[Extracted records]
□ □ □ □

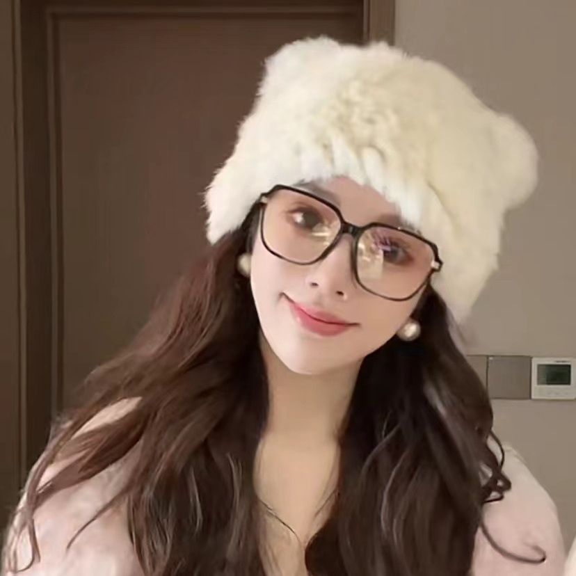 2024新型真兎毛流蘇耳毛毛帽女性秋冬顔小保温ニット帽スキー雷鋒帽
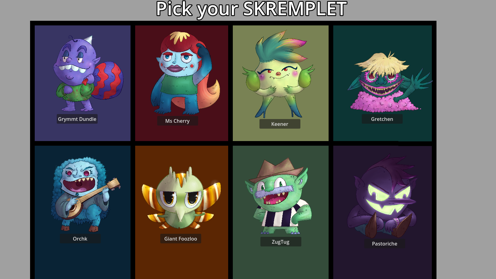 Special Thanks to LKB for the art she Inked and Colored of the main 8 Skremplets as they are used throughout the game, and for all the Ink and Coloring she does every year for these gamejams as those helped with this game as well.
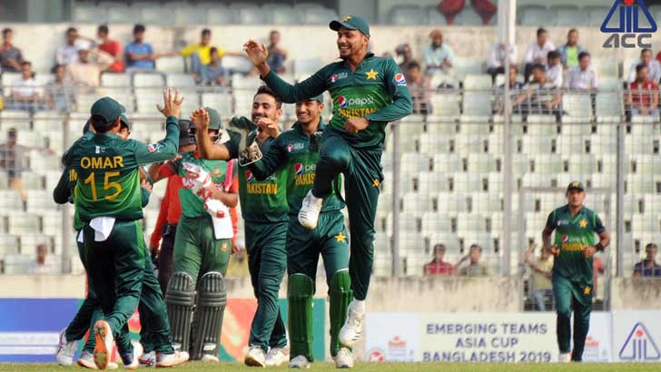 ইমার্জিং টিমস এশিয়া কাপের ফাইনালে বাংলাদেশকে ৭৭ রানে হারিয়ে শিরোপা ঘরে তুললো পাকিস্তান। ১১৩ রানের ইনিংসে ম্যাচ সেরা হয়েছেন রোহাইল নাজির।
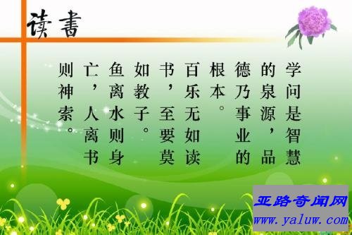 6、如果把生活比喻为创作的意境,那么阅读就像阳光。——池莉7、应做的功课已完而有余暇,大可以看看各样的书,即使和本业毫无相干的,也要泛览。——鲁迅8、只看一个人的着作,结果是不大好的:你就得不到多方面的优点。必须如蜜蜂一样,采过许多花,这才能酿出蜜来,倘若叮在一处,所得就非常有限,枯燥了。——鲁迅9、读书力求三性:韧性、记性、悟性。有韧性没有记性,读了白读;有记性没有悟性,书是死书。三性具备,堪称知识富翁。——魏明伦
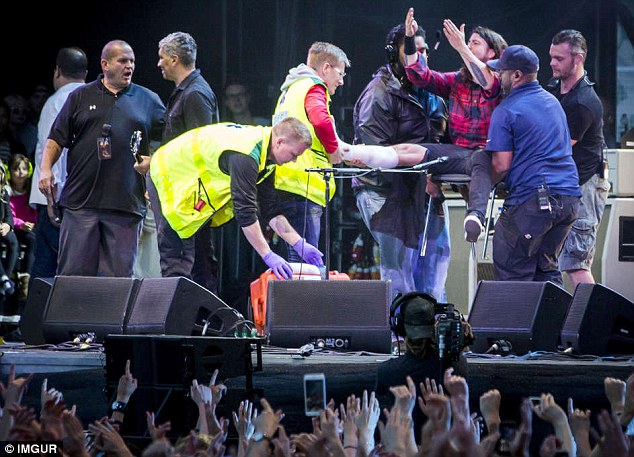 Πεσμένος στο έδαφος, αλλά κρατώντας ακόμη το μικρόφωνο στο χέρι του, ο Γκρολ είπε στο πλήθος: “Νομίζω ότι μόλις έσπασα το πόδι μου. Θα πάω στο νοσοκομείο. Θα πάω να φτιάξω το πόδι μου και μετά θα επιστρέψω”.Ο Γκρολ μεταφέρθηκε στα παρασκήνια για να του παρασχεθούν οι πρώτες βοήθειες ενώ το συγκρότημα συνέχιζε να παίζει με τον ντράμερ Τέιλορ Χόκινς να αναλαμβάνει προσωρινά τον ρόλο του τραγουδιστή.Λίγο αργότερα, ο Γκρολ επέστρεψε καθισμένος πλέον σε μία καρέκλα με το πόδι του τυλιγμένο με επιδέσμους και ολοκλήρωσε τη συναυλία.Είπε, μάλιστα, στο πλήθος: “Μπορεί να μην μπορώ να περπατήσω ή να τρέξω, αλλά ακόμη μπορώ να παίζω κιθάρα και να ουρλιάζω”.Δείτε το βίντεο από την Daily Mail:Δείτε επίσης:Γεμάτος αίματα ο Ιγκλέσιας – Το σοβαρό ατύχημα στη συναυλία – ΒΙΝΤΕΟ
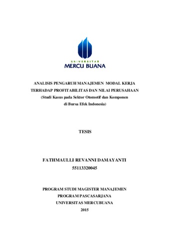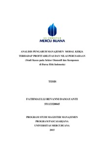 DAMAYANTI, FATHMAULLI REVANNI (2015) ANALISIS PENGARUH MANAJEMEN MODAL KERJA TERHADAP PROFITABILITAS DAN NILAI PERUSAHAAN (Studi Kasus pada Sektor Otomotif dan Komponen di Bursa Efek Indonesia). S2 thesis, UNIVERISTAS MERCU BUANA - BUNCIT.
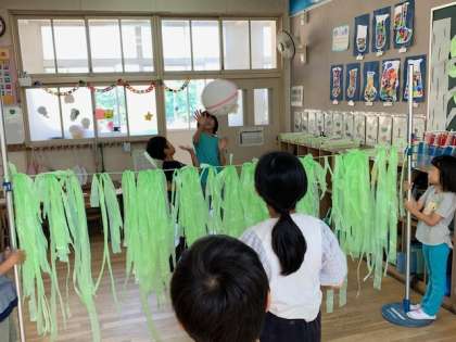風船のバレーボールを打ち合います。
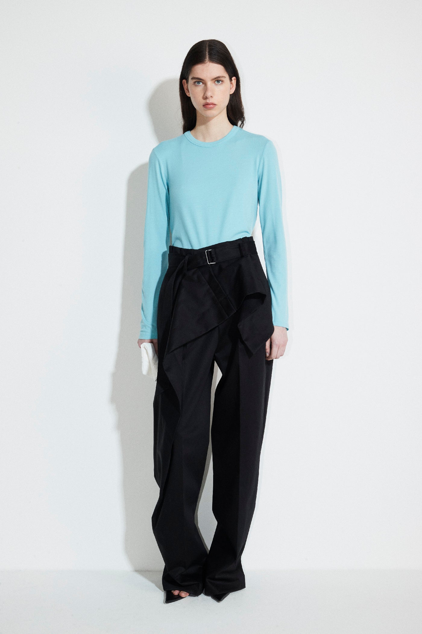 Fitted long sleeve t-shirt with round neck in lightweight wool stretch jersey.
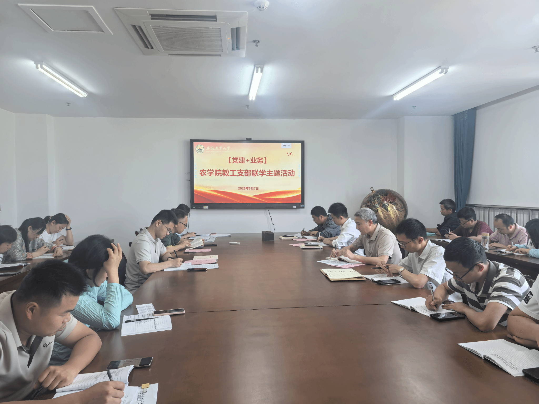 本网讯 5月7日下午,农学院教工第一和第二党支部在朝阳楼206会议室开展“党建+业务”联学主题活动,会议由支部书记黎珉和陈翔共同主持,全体支部党员参会。
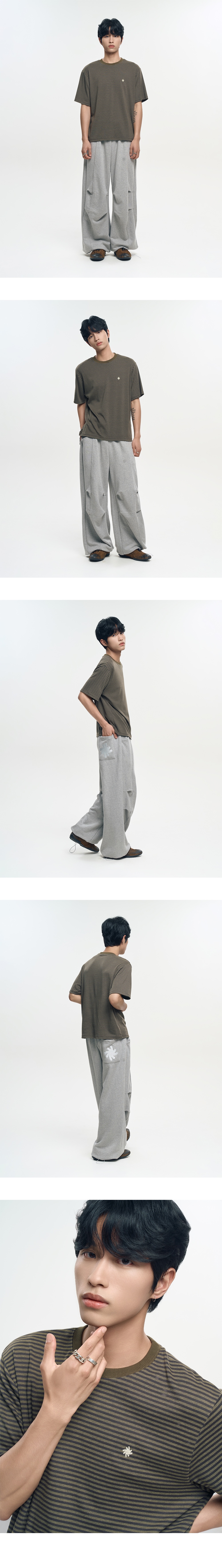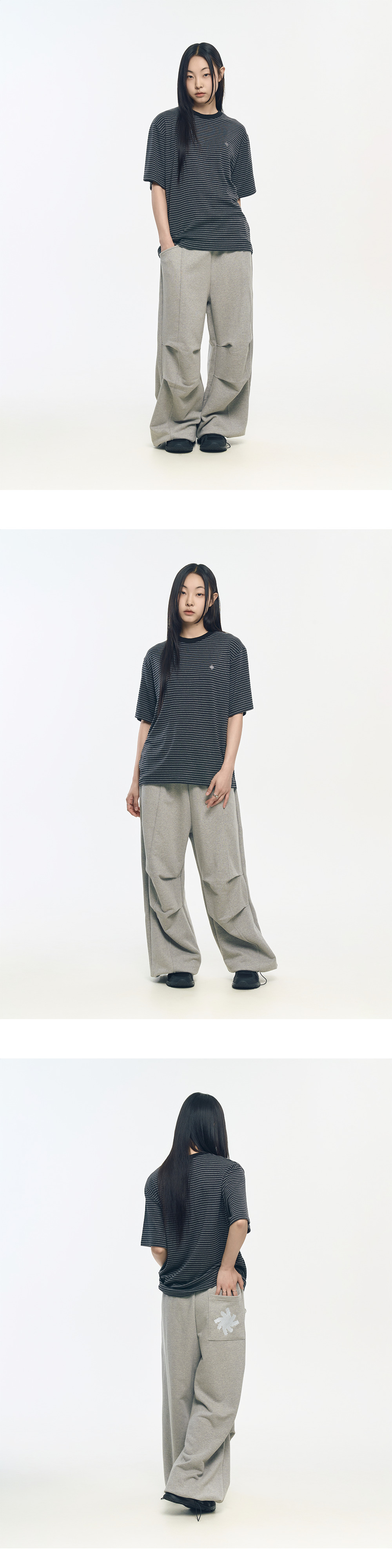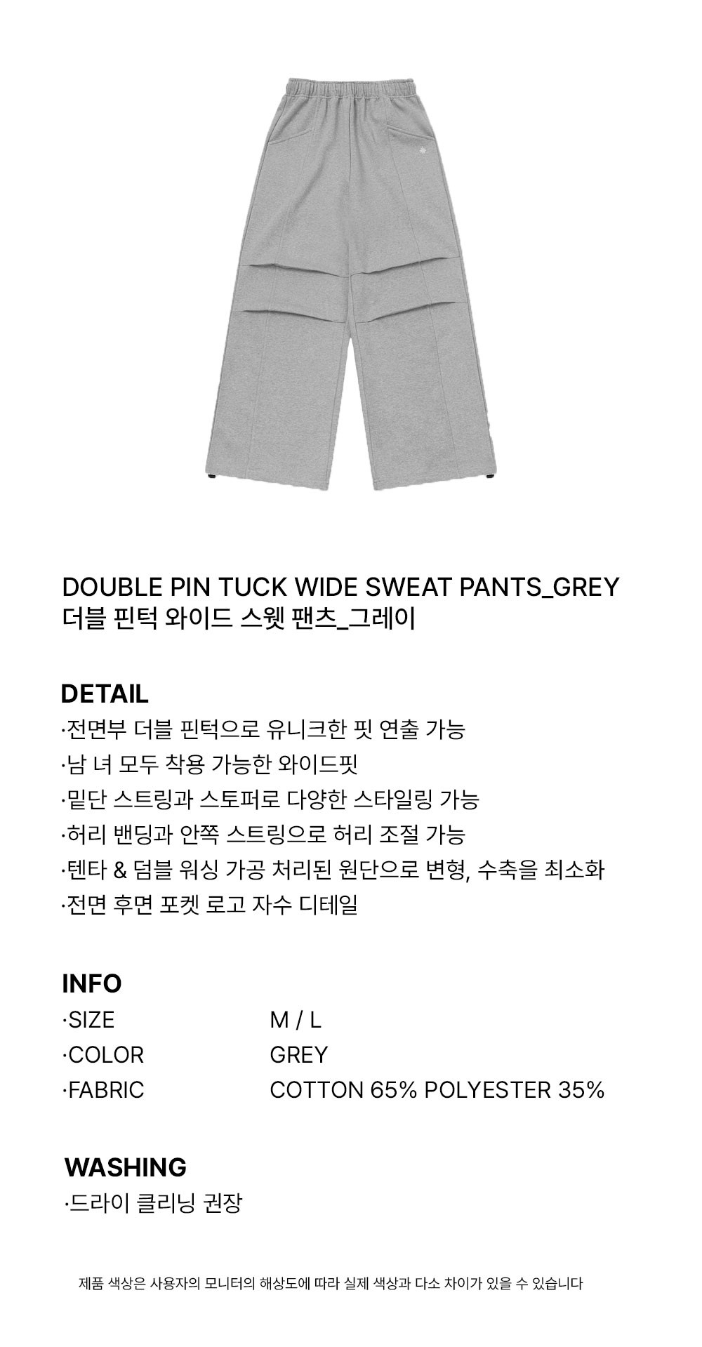 슬로우 레코드 하우스 더블 핀턱 와이드 스웻 팬츠 그레이

□ □ □ □

### Task to complete
Exactly reproduce each entry, but drop the pictures.

### Exercise output
 2024新型真兎毛流蘇耳毛毛帽女性秋冬顔小保温ニット帽スキー雷鋒帽
 Special Thanks to LKB for the art she Inked and Colored of the main 8 Skremplets as they are used throughout the game, and for all the Ink and Coloring she does every year for these gamejams as those helped with this game as well.
 ইমার্জিং টিমস এশিয়া কাপের ফাইনালে বাংলাদেশকে ৭৭ রানে হারিয়ে শিরোপা ঘরে তুললো পাকিস্তান। ১১৩ রানের ইনিংসে ম্যাচ সেরা হয়েছেন রোহাইল নাজির।
 6、如果把生活比喻为创作的意境,那么阅读就像阳光。——池莉7、应做的功课已完而有余暇,大可以看看各样的书,即使和本业毫无相干的,也要泛览。——鲁迅8、只看一个人的着作,结果是不大好的:你就得不到多方面的优点。必须如蜜蜂一样,采过许多花,这才能酿出蜜来,倘若叮在一处,所得就非常有限,枯燥了。——鲁迅9、读书力求三性:韧性、记性、悟性。有韧性没有记性,读了白读;有记性没有悟性,书是死书。三性具备,堪称知识富翁。——魏明伦
 Πεσμένος στο έδαφος, αλλά κρατώντας ακόμη το μικρόφωνο στο χέρι του, ο Γκρολ είπε στο πλήθος: “Νομίζω ότι μόλις έσπασα το πόδι μου. Θα πάω στο νοσοκομείο. Θα πάω να φτιάξω το πόδι μου και μετά θα επιστρέψω”.Ο Γκρολ μεταφέρθηκε στα παρασκήνια για να του παρασχεθούν οι πρώτες βοήθειες ενώ το συγκρότημα συνέχιζε να παίζει με τον ντράμερ Τέιλορ Χόκινς να αναλαμβάνει προσωρινά τον ρόλο του τραγουδιστή.Λίγο αργότερα, ο Γκρολ επέστρεψε καθισμένος πλέον σε μία καρέκλα με το πόδι του τυλιγμένο με επιδέσμους και ολοκλήρωσε τη συναυλία.Είπε, μάλιστα, στο πλήθος: “Μπορεί να μην μπορώ να περπατήσω ή να τρέξω, αλλά ακόμη μπορώ να παίζω κιθάρα και να ουρλιάζω”.Δείτε το βίντεο από την Daily Mail:Δείτε επίσης:Γεμάτος αίματα ο Ιγκλέσιας – Το σοβαρό ατύχημα στη συναυλία – ΒΙΝΤΕΟ
 DAMAYANTI, FATHMAULLI REVANNI (2015) ANALISIS PENGARUH MANAJEMEN MODAL KERJA TERHADAP PROFITABILITAS DAN NILAI PERUSAHAAN (Studi Kasus pada Sektor Otomotif dan Komponen di Bursa Efek Indonesia). S2 thesis, UNIVERISTAS MERCU BUANA - BUNCIT.
風船のバレーボールを打ち合います。
 Fitted long sleeve t-shirt with round neck in lightweight wool stretch jersey.
 本网讯 5月7日下午,农学院教工第一和第二党支部在朝阳楼206会议室开展“党建+业务”联学主题活动,会议由支部书记黎珉和陈翔共同主持,全体支部党员参会。
 슬로우 레코드 하우스 더블 핀턱 와이드 스웻 팬츠 그레이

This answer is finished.